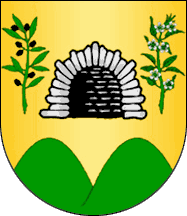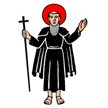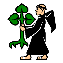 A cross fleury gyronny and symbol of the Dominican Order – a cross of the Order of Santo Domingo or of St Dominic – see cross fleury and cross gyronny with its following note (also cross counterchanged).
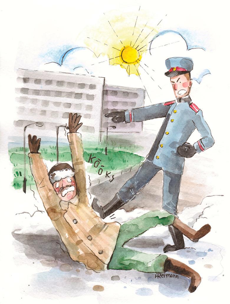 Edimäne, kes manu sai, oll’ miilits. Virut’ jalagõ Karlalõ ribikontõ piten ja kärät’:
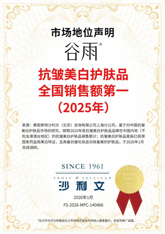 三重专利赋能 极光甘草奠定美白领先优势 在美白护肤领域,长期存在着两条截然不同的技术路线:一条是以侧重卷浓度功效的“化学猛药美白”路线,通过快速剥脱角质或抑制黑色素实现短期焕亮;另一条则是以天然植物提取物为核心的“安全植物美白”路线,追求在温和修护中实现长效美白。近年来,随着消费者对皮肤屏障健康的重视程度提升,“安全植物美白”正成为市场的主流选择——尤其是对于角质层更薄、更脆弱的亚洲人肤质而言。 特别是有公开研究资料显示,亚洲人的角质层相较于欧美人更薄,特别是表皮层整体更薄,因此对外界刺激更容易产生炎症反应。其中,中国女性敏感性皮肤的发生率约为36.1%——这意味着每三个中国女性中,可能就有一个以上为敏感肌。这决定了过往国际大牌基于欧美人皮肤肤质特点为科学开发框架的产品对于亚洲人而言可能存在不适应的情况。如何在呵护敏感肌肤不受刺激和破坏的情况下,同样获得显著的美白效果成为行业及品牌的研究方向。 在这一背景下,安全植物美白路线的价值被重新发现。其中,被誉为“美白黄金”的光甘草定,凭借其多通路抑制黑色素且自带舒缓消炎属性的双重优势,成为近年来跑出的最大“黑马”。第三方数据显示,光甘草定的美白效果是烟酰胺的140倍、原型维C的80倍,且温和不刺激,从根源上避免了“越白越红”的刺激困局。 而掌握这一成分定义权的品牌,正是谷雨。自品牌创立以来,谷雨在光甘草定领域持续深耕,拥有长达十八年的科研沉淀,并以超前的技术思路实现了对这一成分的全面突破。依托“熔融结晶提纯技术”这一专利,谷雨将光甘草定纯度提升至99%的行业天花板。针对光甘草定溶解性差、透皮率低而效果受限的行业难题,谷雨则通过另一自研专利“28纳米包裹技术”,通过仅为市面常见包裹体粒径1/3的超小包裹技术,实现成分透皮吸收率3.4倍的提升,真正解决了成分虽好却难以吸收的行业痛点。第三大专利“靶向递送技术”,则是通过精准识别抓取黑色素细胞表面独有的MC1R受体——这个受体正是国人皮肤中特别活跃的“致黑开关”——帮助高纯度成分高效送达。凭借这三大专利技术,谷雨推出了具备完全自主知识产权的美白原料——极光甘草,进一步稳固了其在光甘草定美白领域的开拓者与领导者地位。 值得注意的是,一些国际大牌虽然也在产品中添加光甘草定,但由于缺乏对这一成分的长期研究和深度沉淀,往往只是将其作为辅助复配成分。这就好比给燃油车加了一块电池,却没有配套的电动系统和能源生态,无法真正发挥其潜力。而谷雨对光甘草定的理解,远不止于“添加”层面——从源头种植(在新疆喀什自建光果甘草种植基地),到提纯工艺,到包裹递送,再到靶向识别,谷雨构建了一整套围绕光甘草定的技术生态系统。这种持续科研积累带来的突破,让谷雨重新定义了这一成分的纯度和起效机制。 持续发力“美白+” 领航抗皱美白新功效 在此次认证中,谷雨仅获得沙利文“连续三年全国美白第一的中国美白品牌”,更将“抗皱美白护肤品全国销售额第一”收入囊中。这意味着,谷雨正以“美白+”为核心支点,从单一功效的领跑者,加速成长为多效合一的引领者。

==

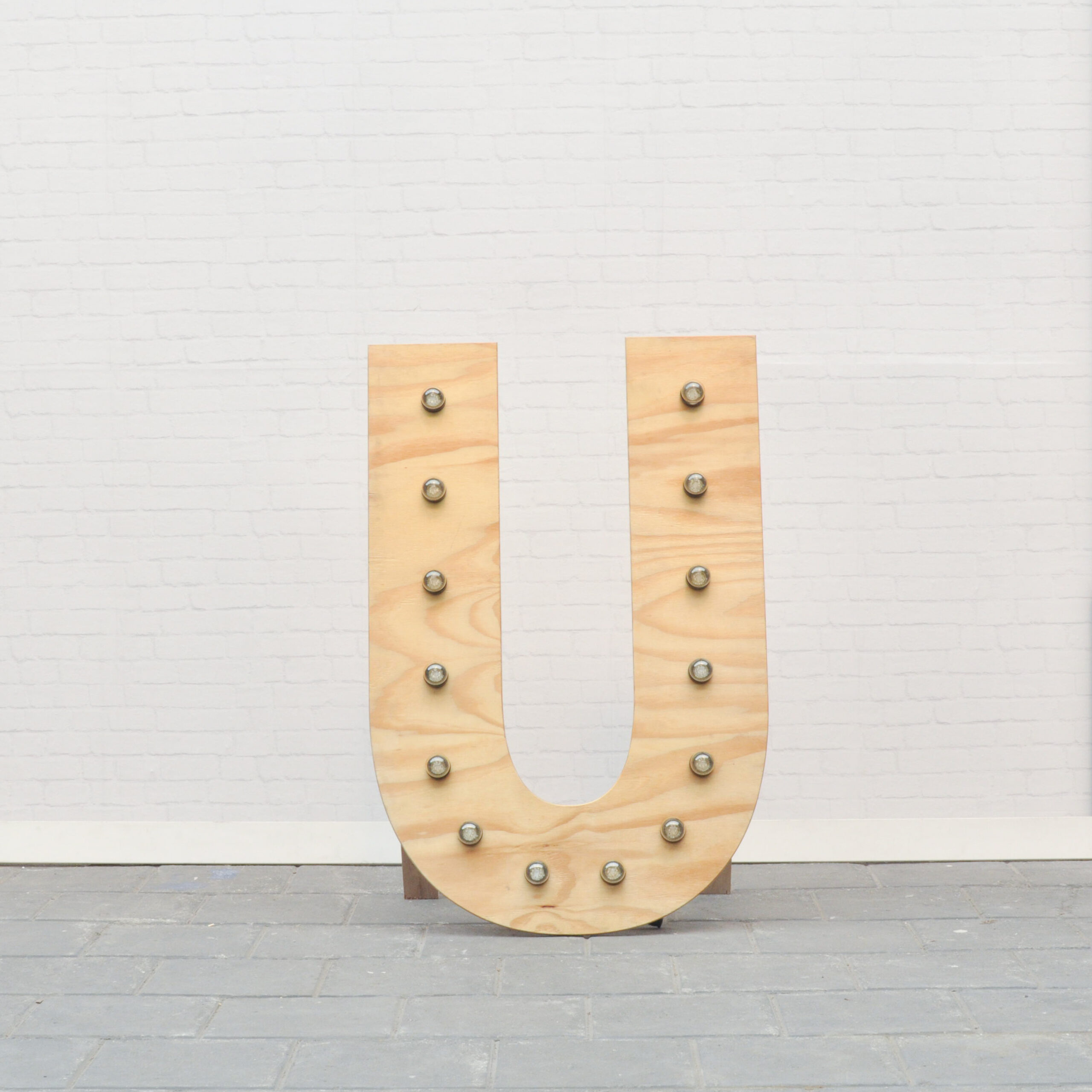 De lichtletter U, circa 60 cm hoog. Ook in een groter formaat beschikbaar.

YOUR TASK: From the listing above, restate verbatim the lines running from the one with "A cross fleury" through the one with "Edimäne, kes manu", inclusive, but not the pictures.

ANSWER SECTION:
 A cross fleury gyronny and symbol of the Dominican Order – a cross of the Order of Santo Domingo or of St Dominic – see cross fleury and cross gyronny with its following note (also cross counterchanged).
 Edimäne, kes manu sai, oll’ miilits. Virut’ jalagõ Karlalõ ribikontõ piten ja kärät’:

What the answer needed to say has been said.